*** DATA EXTRACT ***

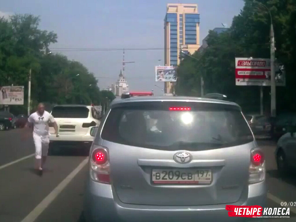 Вылетает этот перец, значит, из своего староватого Кайена и мчится назад к Тойоте. Там ему уже больше 10 метров бежать.
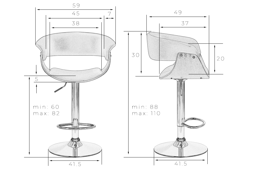 Максимальная высота сиденья, см - 82, 60
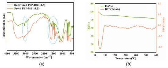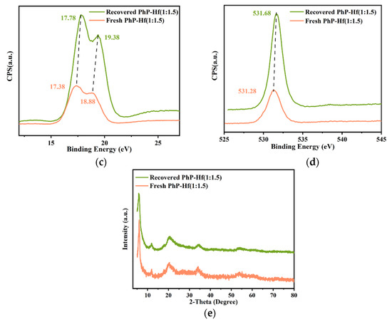 To test the change of catalyst structure before and after the reaction, PhP-Hf (1:1.5) recovered after reusing five cycles was characterized by FT-IR (Figure 10a), TG-DTG (Figure 10b), XRD (Figure 10c), and XPS (Figure 10d,e). Figure 10a shows that the catalyst can still maintain its complete structure after being recycled five times. Figure 10b shows that the recovered catalyst has a small amount of loss after 100 °C, while the fresh one starts to lose after 300 °C, indicating that the recycling has a certain impact on the thermal stability. Figure 10c shows the binding energy of Hf 4f increased from (17.38 and 18.88 eV) to (17.78 and 19.38 eV) in recovered PhP-Hf (1:1.5), indicating that the electron cloud density around O decreased, and the corresponding Lewis acidity increased. For Figure 10d, the binding energy of the recovered PhP-Hf (1:1.5) (531.68 eV) is relatively higher than that of the fresh PhP-Hf (1:1.5) (531.28 eV), possibly because of the smaller negative charge on the oxygen species with a lower base strength. It can be seen from Figure 10e illustrates that there is almost no change in crystal form after repeated use. Overall, these figures all prove that there is almost no change after reusing the catalyst, which is a good way to reduce waste and conform to the concept of environmentally friendly chemistry. Therefore, PhP-Hf (1:1.5) can be used as a green bifunctional catalyst for promoting CTH coupled with other cascade reactions.
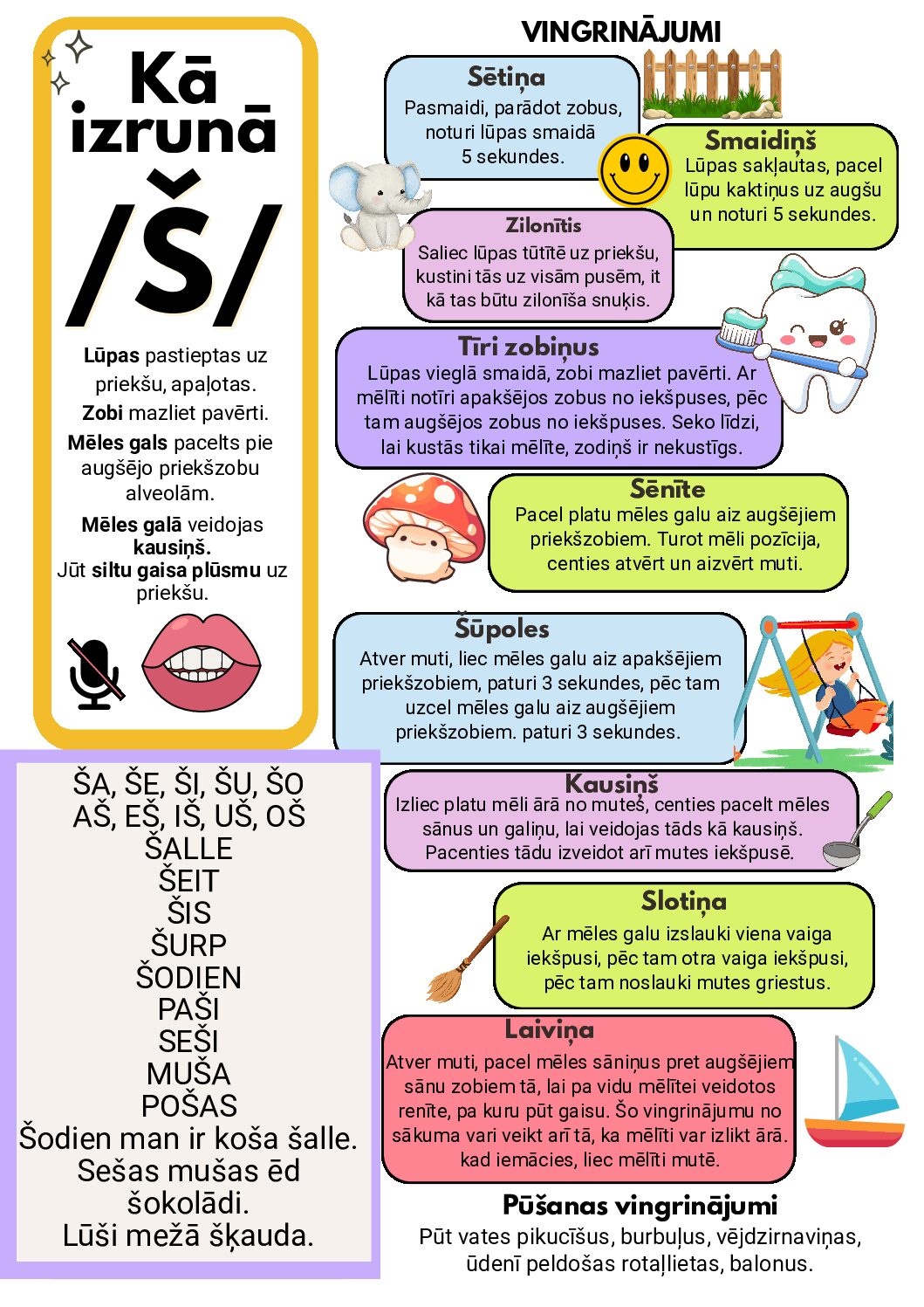 Atgādņu kartītes 16 skaņu (S, T, C, DZ, D, Z, R, L, Š, Ž, Č, Ļ, Ņ, Ķ, Ģ, J) izrunai. Katrā kartītē ir īsa atgādne, kādā pozīcijā atrodas lūpas un mēle, lai pareizi izrunātu konkrēto skaņu. Klāt pievienoti vingrinājumu apraksti ar bildītēm bērnam un vecākam saprotamā valodā.

*** End of DATA EXTRACT ***

■ **TASK OBJECTIVE**:
Please output exactly the lines of the data above, from its first line through the line with "To test the", and nothing else; drop the pictures.

■ **RESPONSE**:
 Вылетает этот перец, значит, из своего староватого Кайена и мчится назад к Тойоте. Там ему уже больше 10 метров бежать.
 Максимальная высота сиденья, см - 82, 60
 To test the change of catalyst structure before and after the reaction, PhP-Hf (1:1.5) recovered after reusing five cycles was characterized by FT-IR (Figure 10a), TG-DTG (Figure 10b), XRD (Figure 10c), and XPS (Figure 10d,e). Figure 10a shows that the catalyst can still maintain its complete structure after being recycled five times. Figure 10b shows that the recovered catalyst has a small amount of loss after 100 °C, while the fresh one starts to lose after 300 °C, indicating that the recycling has a certain impact on the thermal stability. Figure 10c shows the binding energy of Hf 4f increased from (17.38 and 18.88 eV) to (17.78 and 19.38 eV) in recovered PhP-Hf (1:1.5), indicating that the electron cloud density around O decreased, and the corresponding Lewis acidity increased. For Figure 10d, the binding energy of the recovered PhP-Hf (1:1.5) (531.68 eV) is relatively higher than that of the fresh PhP-Hf (1:1.5) (531.28 eV), possibly because of the smaller negative charge on the oxygen species with a lower base strength. It can be seen from Figure 10e illustrates that there is almost no change in crystal form after repeated use. Overall, these figures all prove that there is almost no change after reusing the catalyst, which is a good way to reduce waste and conform to the concept of environmentally friendly chemistry. Therefore, PhP-Hf (1:1.5) can be used as a green bifunctional catalyst for promoting CTH coupled with other cascade reactions.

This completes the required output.